• [INPUT DATA]:
──────
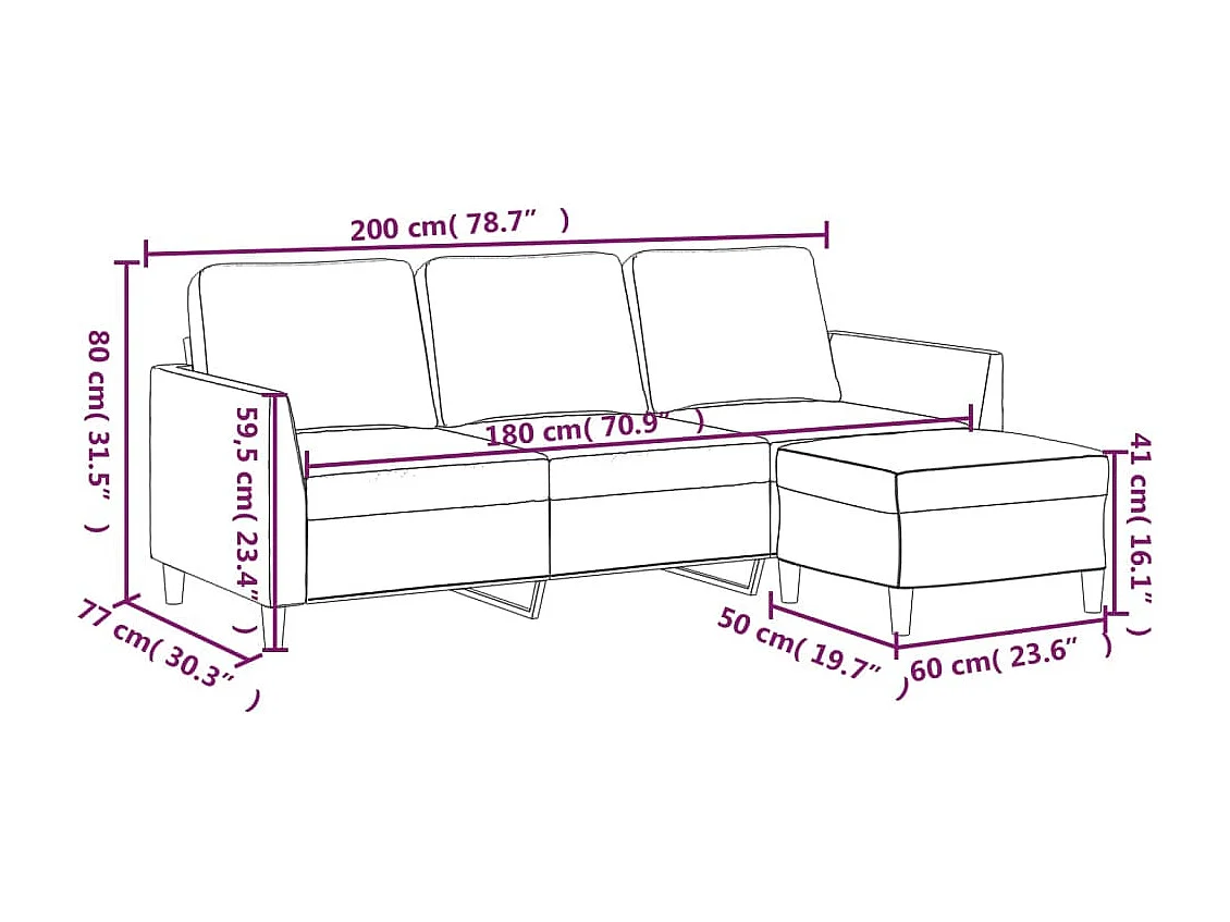 Divano a 3 Posti con Poggiapiedi Tortora 180 cm in Tessuto
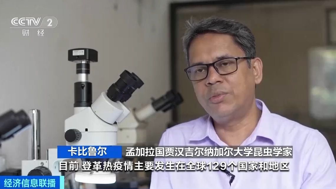 孟加拉國賈漢吉爾納加爾大學(xué)昆蟲學(xué)家 卡比魯爾:目前,登革熱疫情主要發(fā)生在全球129個國家和地區(qū),其中大多數(shù)國家都位于熱帶和亞熱帶,這些國家容易受到氣候變化的影響。(央視財經(jīng))
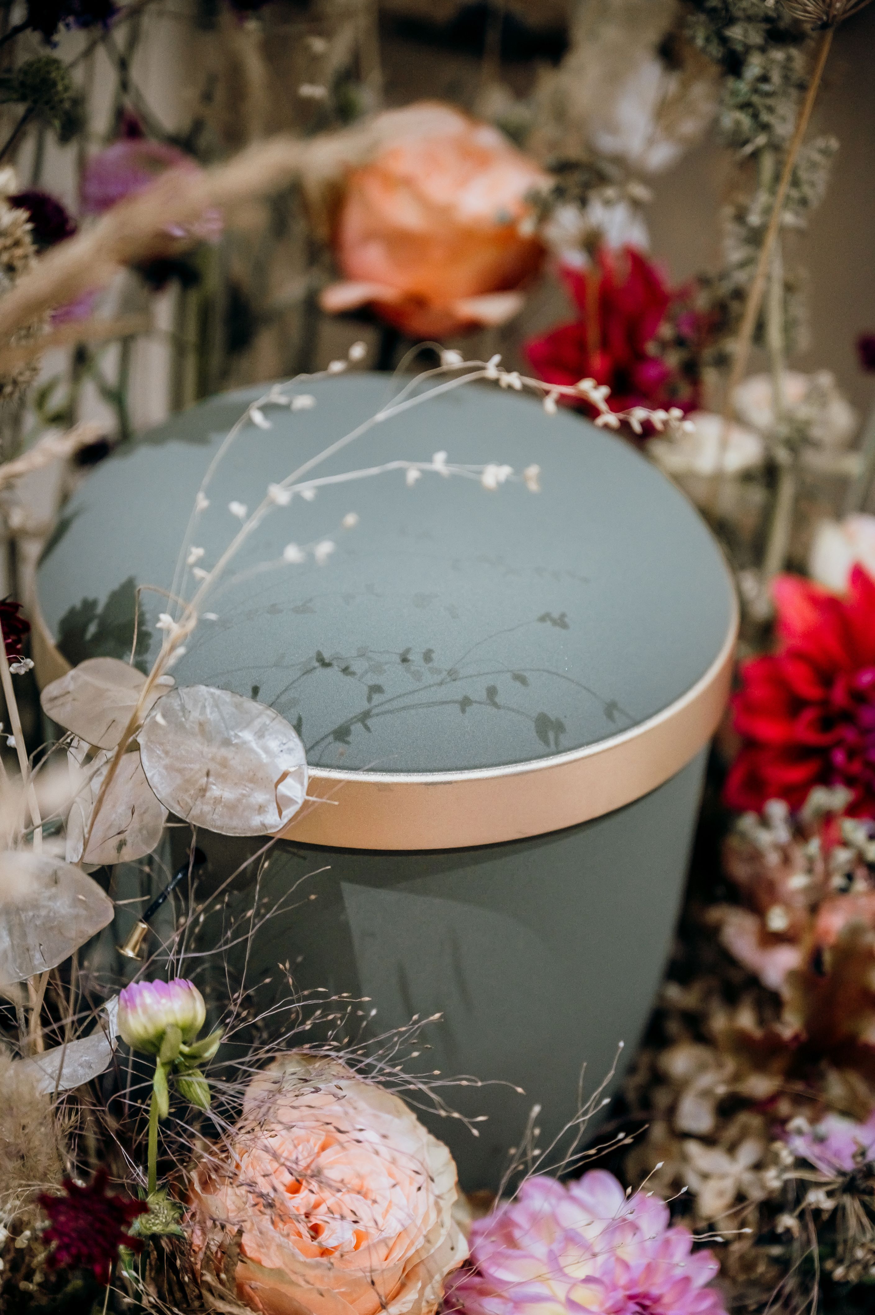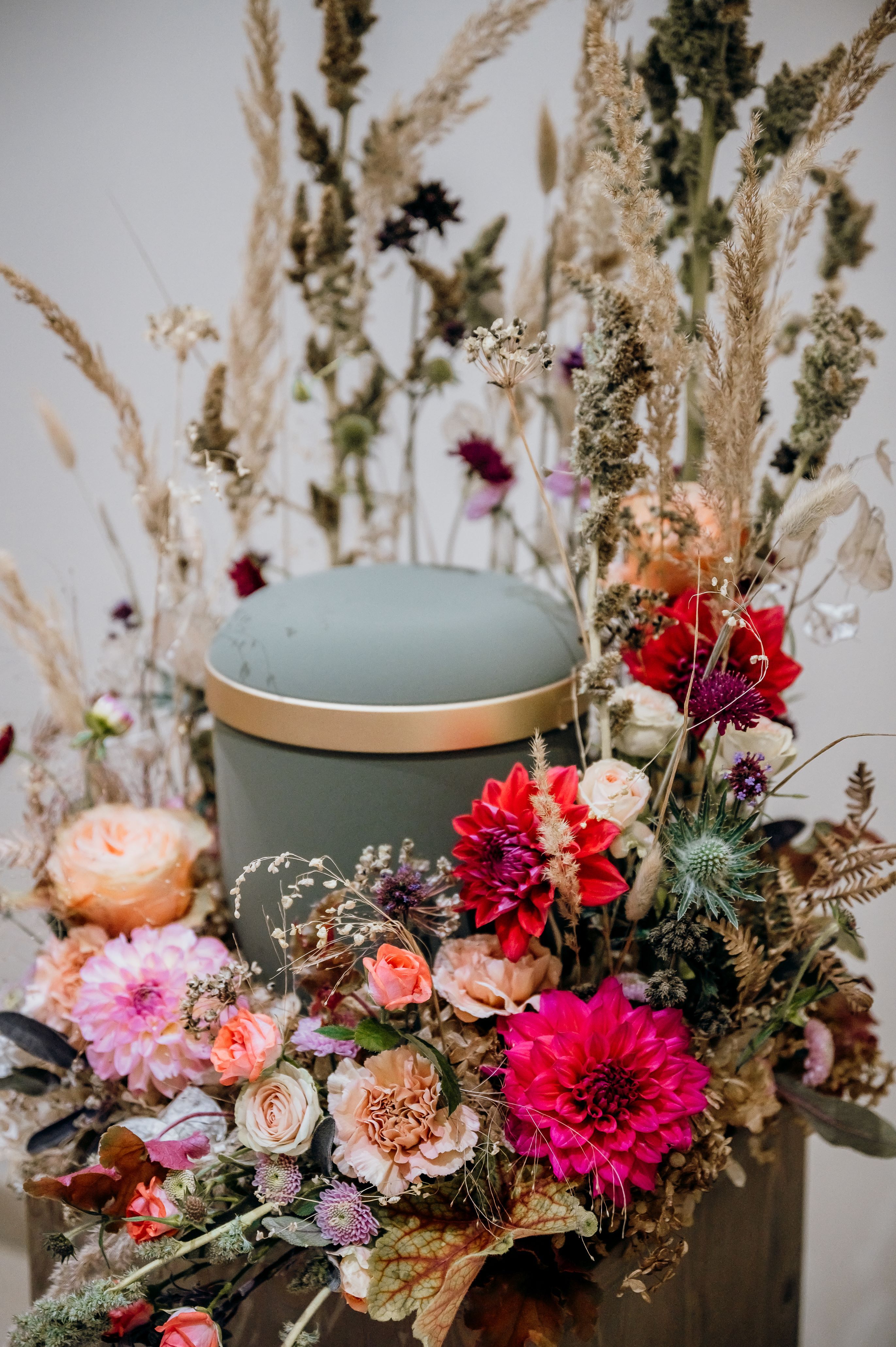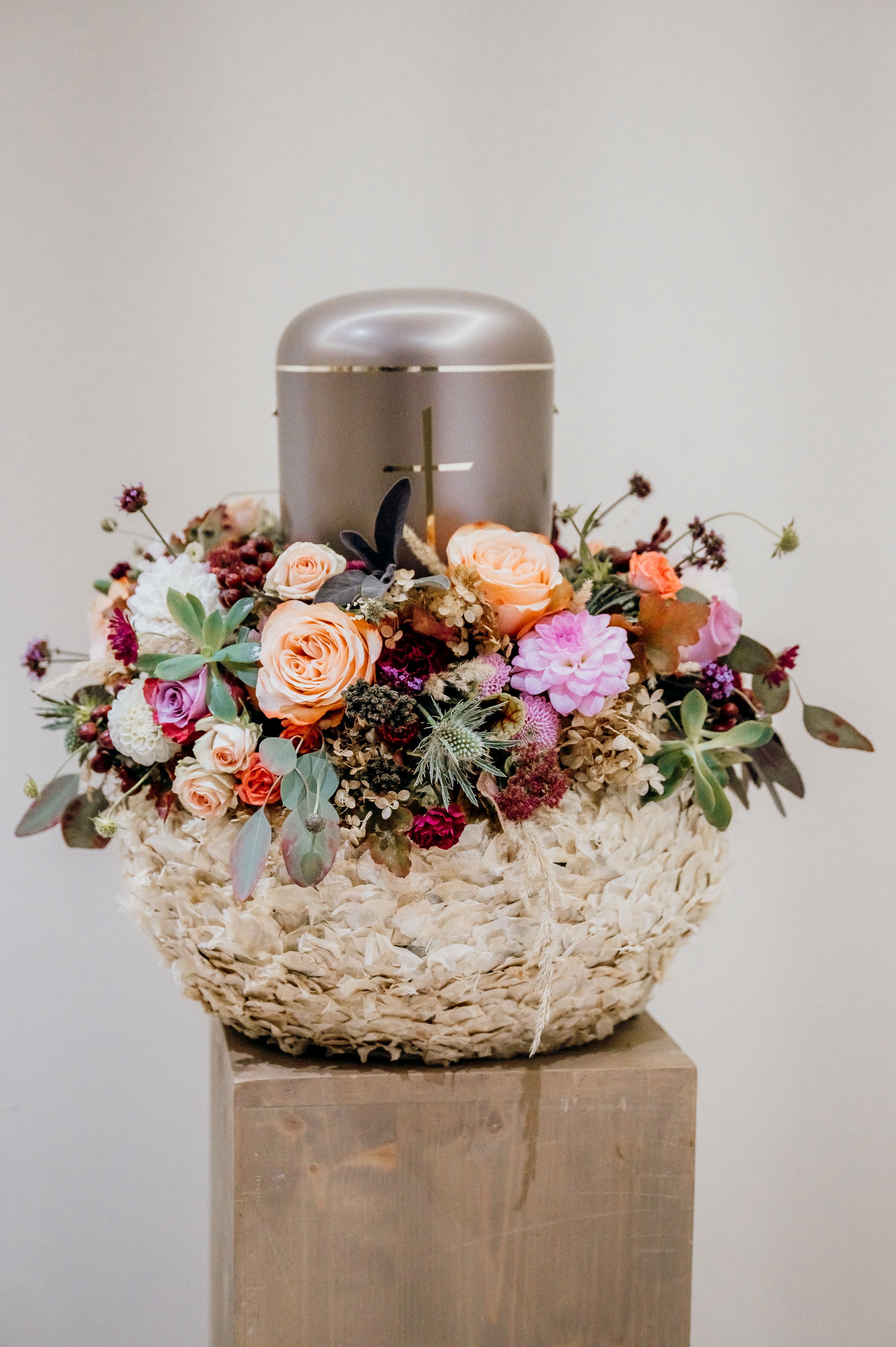 Wenn ein lieber Mensch aus unserem Leben tritt, bleiben uns die Erinnerungen im Herzen. Die Verabschiedung dieser Menschen, gehört zu einem wichtigen Prozess, den wir durchleben müssen, um mit dem Verlust umgehen zu können. Ein Sarg, der geschmückt ist mit den Lieblingsblumen des Verstorbenen wird genauso zu einer Erinnerung, die wir behalten, an den Moment, in dem wir unseren Lieben gehen lassen mussten. Unsere Mitarbeiterinnen gestalten mit viel Feingespür Trauerarrangements, die die Persönlichkeit des Verstorbenen widerspiegeln.
──────
• [TASK INSTRUCTIONS]: From the line containing "孟加拉國賈漢吉爾納加爾大學(xué)昆蟲" to the end of the listing, restate each line word for word and nothing more; the pictures stay out.

• [FINISHED TASK]:
 孟加拉國賈漢吉爾納加爾大學(xué)昆蟲學(xué)家 卡比魯爾:目前,登革熱疫情主要發(fā)生在全球129個國家和地區(qū),其中大多數(shù)國家都位于熱帶和亞熱帶,這些國家容易受到氣候變化的影響。(央視財經(jīng))
 Wenn ein lieber Mensch aus unserem Leben tritt, bleiben uns die Erinnerungen im Herzen. Die Verabschiedung dieser Menschen, gehört zu einem wichtigen Prozess, den wir durchleben müssen, um mit dem Verlust umgehen zu können. Ein Sarg, der geschmückt ist mit den Lieblingsblumen des Verstorbenen wird genauso zu einer Erinnerung, die wir behalten, an den Moment, in dem wir unseren Lieben gehen lassen mussten. Unsere Mitarbeiterinnen gestalten mit viel Feingespür Trauerarrangements, die die Persönlichkeit des Verstorbenen widerspiegeln.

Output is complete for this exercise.